#### THE TASK
All entries below are to be reproduced precisely as they stand, without the pictures.

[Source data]
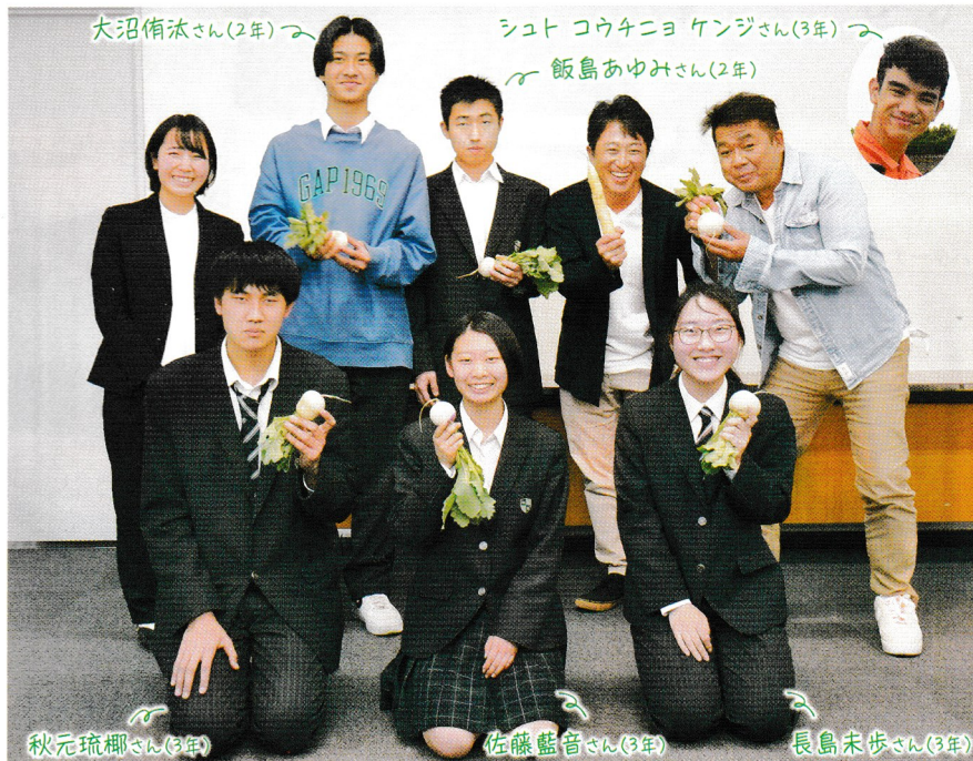
3期生メンバーとアドバイザー。収穫したカブを手にして

新時代の農業人を育成する「産農人」プロジェクトは、今期6人のメンバーで活動中。作物の生産や加工食品の開発をテーマに、学校の枠を飛び越えた実践型研修を行なっている
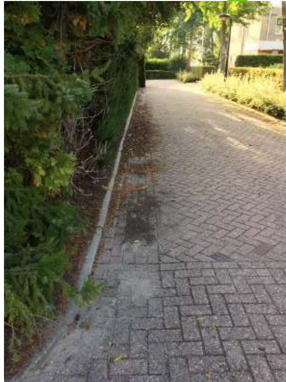
Hoek Golfresidentie/Zomer: veegbeheer verharding niet op orde.
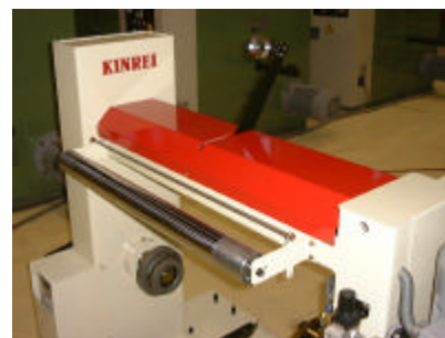
(テンションヘッド部)
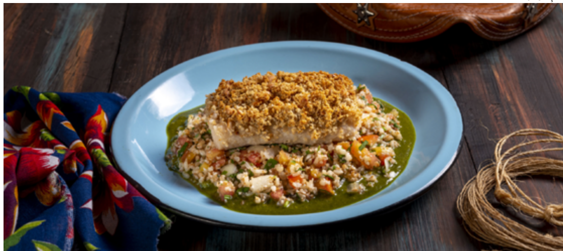
Piry, restaurante localizado no Jardim América: pintado crocante

No Setor Marista, o L'Étoile D'Argent traz menus com peixe para almoço e jantar durante sexta, sábado e domingo. O almoço inclui filé de tilápia grelhado com molho dijonnais e alcáparas, acompanhado de couscous marroquino e le-
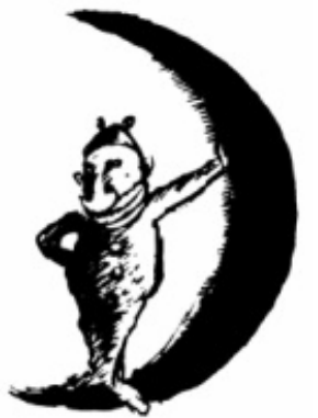
Kulturnatten i Uppsala
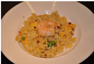
伊藤パストごちそうさまでした。
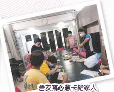
舍友寫心意卡給家人
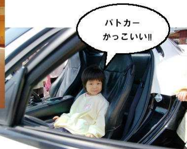
▲バトカーに乗っちゃいました。
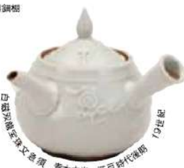
白磁秋意図文水注 青木木末 江戸時代後期 19世紀
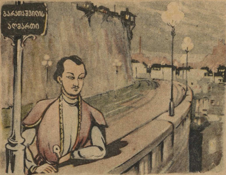
...გულის სწორი... აგრე როგორ შეიცვალე?

#### EXERCISE OUTPUT
3期生メンバーとアドバイザー。収穫したカブを手にして

新時代の農業人を育成する「産農人」プロジェクトは、今期6人のメンバーで活動中。作物の生産や加工食品の開発をテーマに、学校の枠を飛び越えた実践型研修を行なっている
Hoek Golfresidentie/Zomer: veegbeheer verharding niet op orde.
(テンションヘッド部)
Piry, restaurante localizado no Jardim América: pintado crocante

No Setor Marista, o L'Étoile D'Argent traz menus com peixe para almoço e jantar durante sexta, sábado e domingo. O almoço inclui filé de tilápia grelhado com molho dijonnais e alcáparas, acompanhado de couscous marroquino e le-
Kulturnatten i Uppsala
伊藤パストごちそうさまでした。
舍友寫心意卡給家人
▲バトカーに乗っちゃいました。
白磁秋意図文水注 青木木末 江戸時代後期 19世紀
...გულის სწორი... აგრე როგორ შეიცვალე?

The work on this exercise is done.